I've been looking at doing "bzr reconcile" and trying to figure out why
it is so slow. I won't say I've profiled it everywhere, but at least for
bzr.dev, when trying to "_generate_text_index" the time is primarily
spent in xml8.unpack_inventory.

When looking at it, we spend maybe 5s going from knit data to xml lines.
We then spend more than 30s going from XML lines to Inventory objects.
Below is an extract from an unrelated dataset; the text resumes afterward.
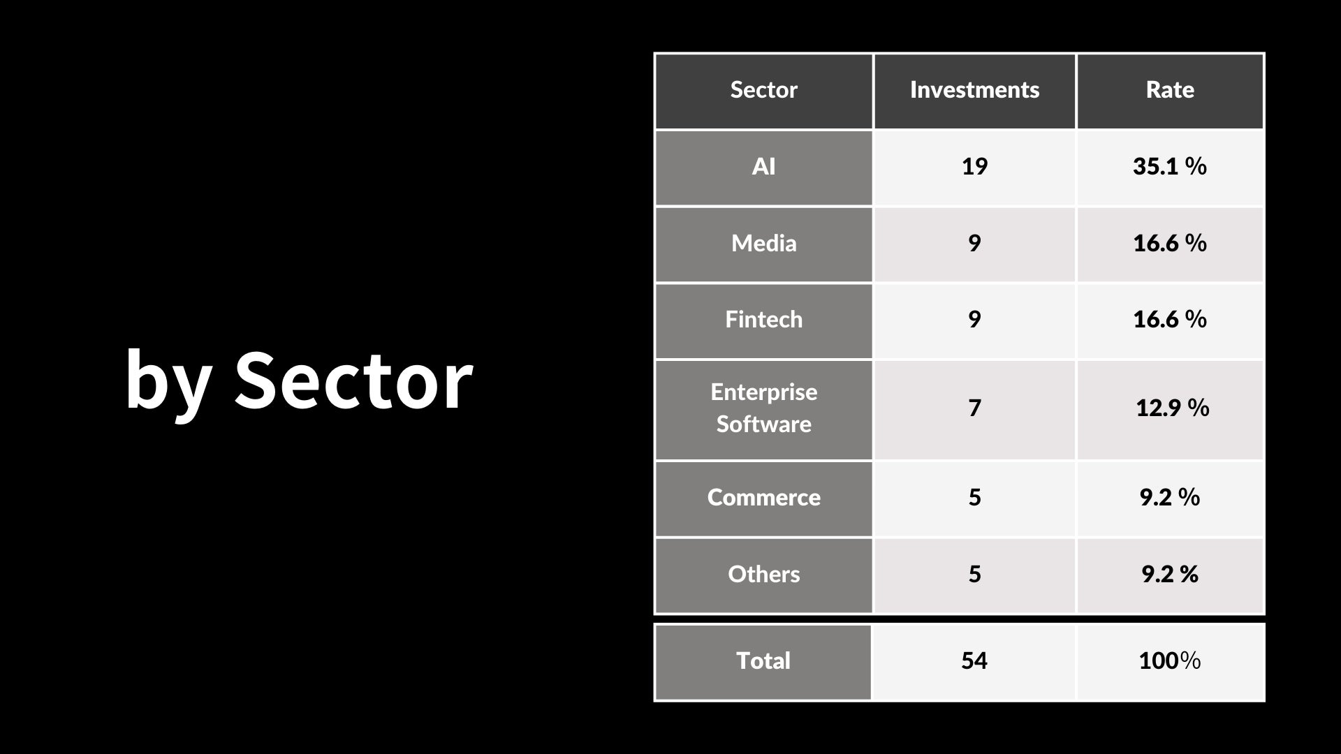 また、「Media」「Fintech」「Commerce」といった注力領域に加えて、「Enterprise Software」への投資も積極的に実施しました。

I believe the primary reason is because when we unpack 200 inventories,
we have to deserialize the same objects many, many times. For a 20k tree
with 10 changed items, we have to deserialize 19990 items that are
identical to the previous inventory.

I don't have a great answer for this yet, but it would certainly make
things like 'bzr reconcile' a lot faster. I know Robert is mulling about
how to improve parts of inventory, so I figured I should throw this data
point out.

r = repository.Repository.open('.')
r.lock_read()
all_revs = r.all_revision_ids()
pm = r.get_parent_map(all_revs)
ordered = tsort.topo_sort(pm)
for start in xrange(0, len(ordered), 100):
  list(r._iter_inventory_xmls(ordered[start:start+100))

With a chunk size of 100 it takes 55s here, with 200 it takes 42s.

Regardless, try changing that to

list(r.iter_inventories())

and you'll find it is *much* slower. I'm going to try to let it finish,
but so far I'm at 5m and only on 14k/26k.

John
=:->
-----BEGIN PGP SIGNATURE-----
Version: GnuPG v1.4.9 (Cygwin)
Comment: Using GnuPG with Mozilla - http://enigmail.mozdev.org

iEYEARECAAYFAkjs0LcACgkQJdeBCYSNAAPKFQCghaneJ5zkM9yC4egDTbp1XfLB
580An1lRQi6CKrFhdiyiXkvBXaynHOrf
=gf+h
-----END PGP SIGNATURE-----